A más de una amplia bibliografía de las publicaciones de Rodríguez, incluyendo los textos sobre el Mezquital publicados en diversos medios, y la transcripción de documentos históricos, en los anexos se reproducen los reportajes que aparecieron en las revistas Mañana y Hoy entre septiembre de 1951 y marzo de 1952, que incluyeron de manera prominente fotografías. La autora reproduce algunas impresiones de gelatina de plata que encontró en el Catálogo Otomí del Archivo Fotográfico de Etnografía del Museo Nacional de Antropología, de cuyas seiscientas doce imágenes seleccionó unas cuarenta. Un conjunto inédito y una aportación para los estudiosos de la etnia y de Rodríguez, posibilitada por la paciente labor de la autora.

 

Quiero poner el acento en el nexo que López Hernández traza entre la labor periodística de Antonio Rodríguez en torno al Mezquital, que resultó en La nube estéril, y las fotografías que recabó a lo largo de sus viajes y estancias. El corpus del libro de López Hernández comprende alrededor de cien imágenes (incluyendo nueve de los veintidós grabados que ilustraban la novela). Estas atestiguan cómo se labró la imagen de miseria y aridez, de un territorio alejado de las “bondades de la modernidad” promovida por el gobierno de Miguel Alemán.

 

Al inicio de la serie escrita para la revista Mañana entre septiembre y octubre de 1951, Rodríguez establece un primer acercamiento al Mezquital: “Un infierno que no conocía el Dante [...] A tres horas de distancia de la Ciudad de los Palacios, en una tierra inclemente y sin entraña, viven 50 mil otomíes a quienes la miseria, el hambre y la enfermedad están diezmando sin piedad”. Allí mismo se establece como autor del texto y de las fotografías, algo poco usual en el ámbito periodístico donde se dividían esas tareas. El fotógrafo Rodrigo Moya, quien mantuvo amistad con Rodríguez, ha comentado sobre el ambiente de las publicaciones de Regino Hernández Llergo y la negociación que los fotógrafos debían establecer para la edición de las imágenes que se podían o querían incluir.
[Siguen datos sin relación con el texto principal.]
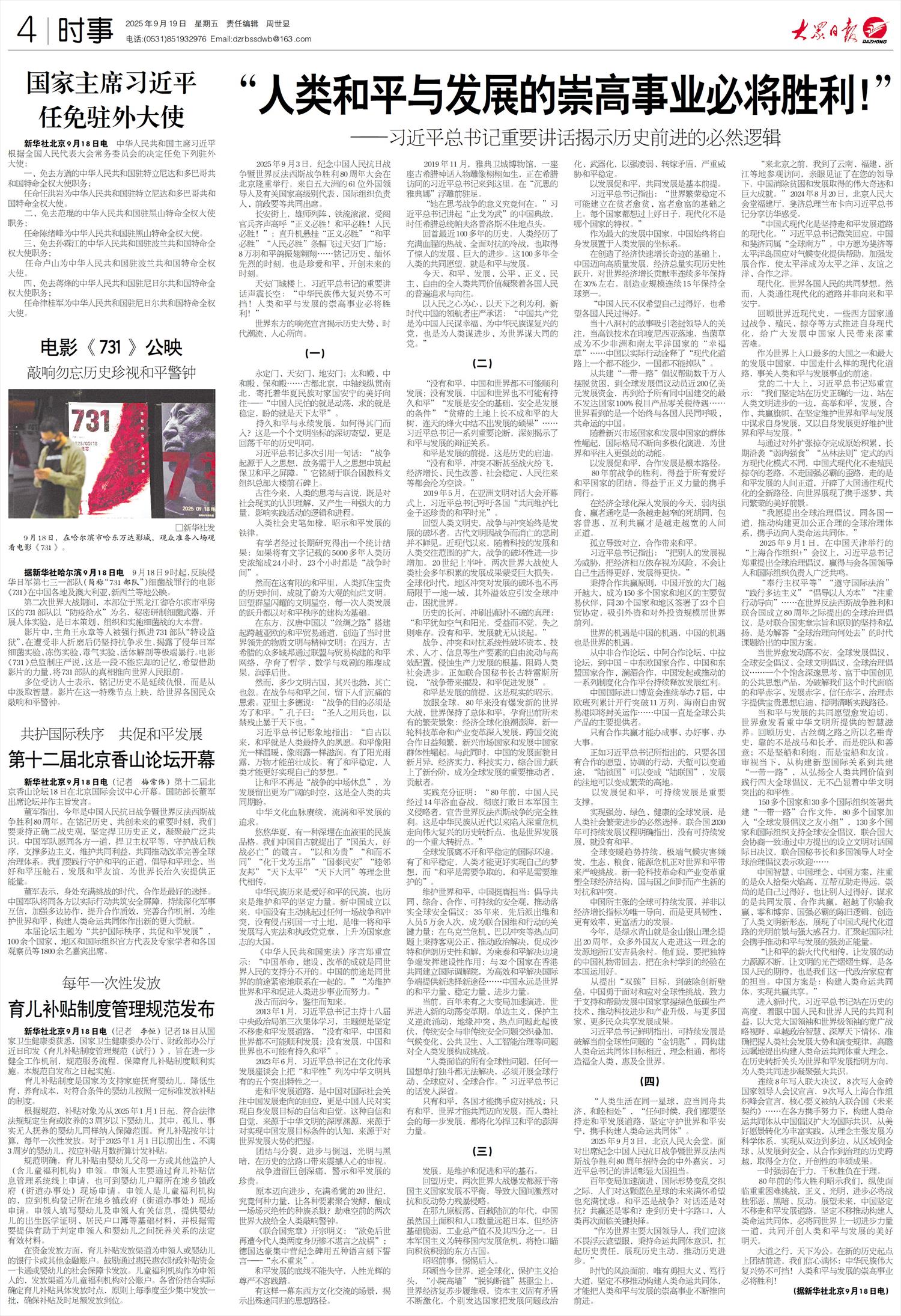 “人类和平与发展的崇高事业必将胜利!”

Como podemos imaginar, la opinión del fotógrafo no era el eje rector.

 

Mañana fue una publicación influyente en el ámbito político y, como todas las revistas editadas por Hernández Llergo y su primo José Pagés Llergo, concedió un espacio importante a la fotografía documental, dando crédito a los fotógrafos. Recordemos que unos cuatro años antes Rodríguez había auspiciado en la revista la Exposición de Fotógrafos de Prensa, donde se planteó la dignificación del trabajo realizado por el gremio.[1] Coinciden entonces la colaboración usual del portugués con la revista, la cual apoyó la campaña iniciada por el gobernador en turno de Hidalgo para incidir en las condiciones del Mezquital, y el proyecto de integración y modernización de las comunidades indígenas delineado por el gobierno federal. Es importante señalar que no se trata, como se podría pensar, de una denuncia contra el gobierno; por el contrario, se pretende avalar y promover su intervención.

 

Rodríguez gozaba ya de prestigio como crítico de arte, pero fue introducido en la serie como un “reportero sensible a todas las palpitaciones del pueblo”. Una alusión quizá a su trayectoria comunista que lo debía hacer perceptivo a las causas sociales. En ese caso su objetivo, como declara en varias de las entregas, fue despertar las consciencias de los hombres que “viven en la comodidad del siglo XX”.

 

En 1951 colaboraban en la revista autores como Faustino Mayo o Nacho López, quien en noviembre del año anterior había publicado el fotoensayo Noche de Muertos, donde resaltaron sus cualidades compositivas y técnicas. Rodrigo Moya relata que Antonio Rodríguez fue un “buen aficionado” que conocía bien los aspectos técnicos y de contenido. Si bien tuvo en algún momento un laboratorio, generalmente otros imprimieron sus fotos. Debió ser exigente, porque las impresiones recuperadas por López Hernández, aparentemente en formato 8” × 10” muestran calidad. Se aprecia que domina el “sol a plomo” hidalguense —como lo llama—, obteniendo detalles a pesar de los fuertes contrastes, o juega con las sombras. Emplaza la cámara según el sujeto y el acercamiento que desea plasmar: utiliza la contrapicada para dignificar; se coloca en el mismo plano que los niños; o coloca la mira de manera que sugiera un intercambio entre pares. Crea complicidades que con frecuencia resultan en sonrisas.

 

Para su comprensión del medio debieron ser decisivos su práctica como dibujante y el intercambio con los fotógrafos entrevistados durante el certamen fotográfico de 1946, pero sobre todo el trabajo con artistas plásticos y su admiración por el muralismo en sus diversas vertientes formales. Dada su historia de vida y sus preferencias plásticas, es evidente que defiende un arte nacional, quizá nacionalista, que sustenta sus construcciones visuales.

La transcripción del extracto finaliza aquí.